(ASSIGNED TASK) Begin with the line below holding "同時(shí),北京教育考試" and go on through the line holding "Make sure you", duplicating each line exactly and leaving out pictures.

(EXERCISE DATA)
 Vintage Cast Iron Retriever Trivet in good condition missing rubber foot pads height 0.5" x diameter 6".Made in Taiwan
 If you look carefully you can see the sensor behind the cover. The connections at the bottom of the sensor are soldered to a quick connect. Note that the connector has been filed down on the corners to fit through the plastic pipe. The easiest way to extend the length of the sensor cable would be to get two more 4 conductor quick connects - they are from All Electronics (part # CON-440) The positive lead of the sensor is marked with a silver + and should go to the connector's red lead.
* * *
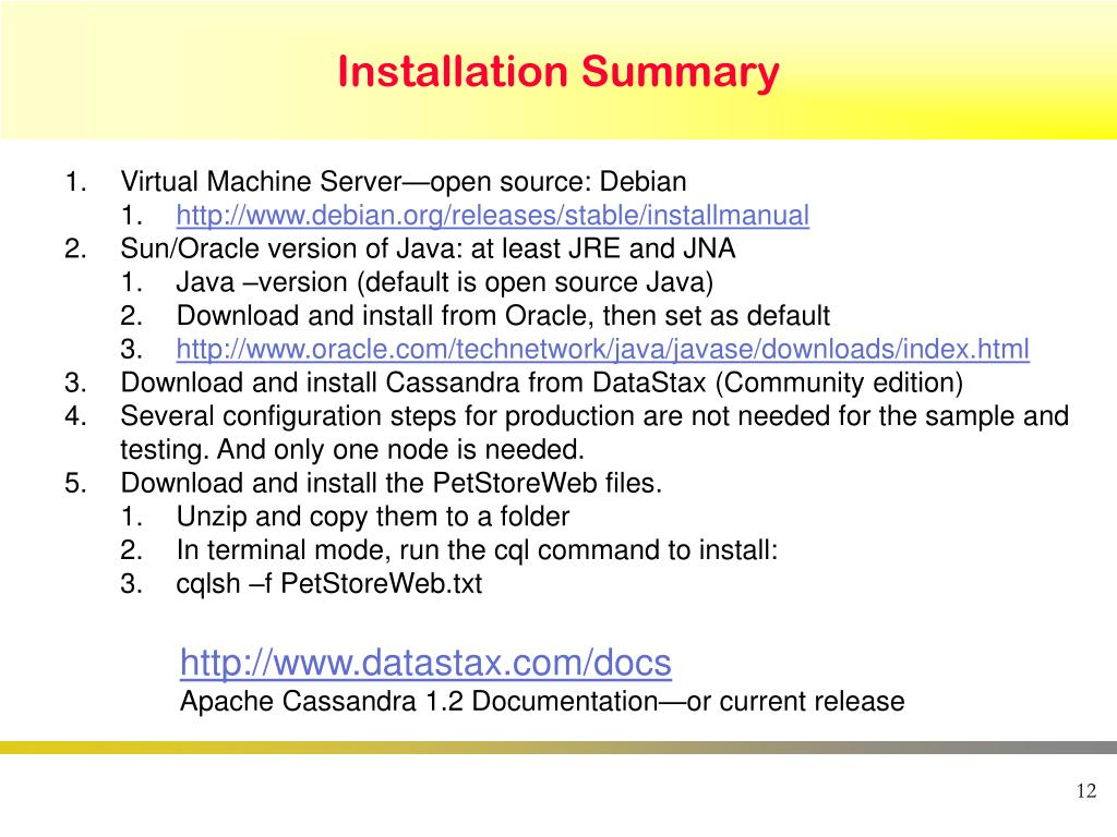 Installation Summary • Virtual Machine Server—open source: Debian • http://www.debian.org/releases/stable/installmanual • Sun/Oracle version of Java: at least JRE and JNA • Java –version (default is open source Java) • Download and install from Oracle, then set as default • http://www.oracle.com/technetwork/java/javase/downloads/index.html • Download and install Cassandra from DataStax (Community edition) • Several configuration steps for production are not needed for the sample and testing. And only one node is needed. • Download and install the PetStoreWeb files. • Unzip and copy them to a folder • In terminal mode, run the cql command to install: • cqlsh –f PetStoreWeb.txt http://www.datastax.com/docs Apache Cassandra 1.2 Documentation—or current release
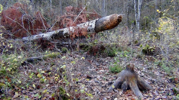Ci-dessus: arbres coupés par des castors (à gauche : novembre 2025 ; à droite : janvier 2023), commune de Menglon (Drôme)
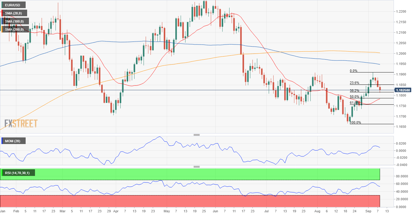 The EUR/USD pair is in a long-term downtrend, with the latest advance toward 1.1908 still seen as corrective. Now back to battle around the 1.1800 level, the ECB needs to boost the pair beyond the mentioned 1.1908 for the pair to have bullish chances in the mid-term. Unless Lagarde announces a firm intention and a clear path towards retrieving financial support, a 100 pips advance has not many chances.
...
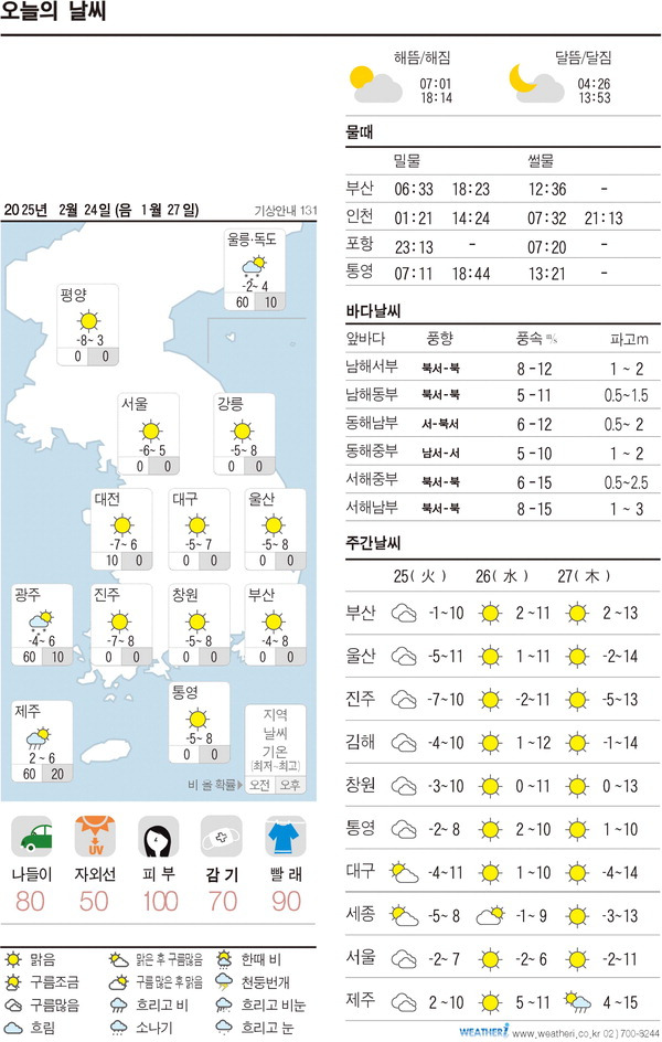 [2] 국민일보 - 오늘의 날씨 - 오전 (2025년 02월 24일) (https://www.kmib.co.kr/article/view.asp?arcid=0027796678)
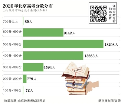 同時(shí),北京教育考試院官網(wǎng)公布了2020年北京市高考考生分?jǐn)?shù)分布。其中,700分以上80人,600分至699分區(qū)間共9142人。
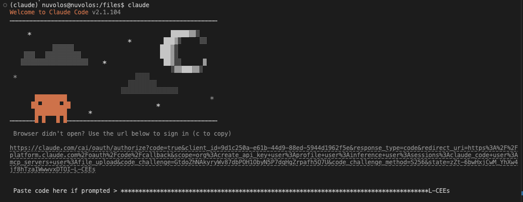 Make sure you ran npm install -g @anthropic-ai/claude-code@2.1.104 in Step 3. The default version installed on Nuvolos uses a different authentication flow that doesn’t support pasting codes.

(ANSWER FOR THIS EXERCISE)
 同時(shí),北京教育考試院官網(wǎng)公布了2020年北京市高考考生分?jǐn)?shù)分布。其中,700分以上80人,600分至699分區(qū)間共9142人。
 Make sure you ran npm install -g @anthropic-ai/claude-code@2.1.104 in Step 3. The default version installed on Nuvolos uses a different authentication flow that doesn’t support pasting codes.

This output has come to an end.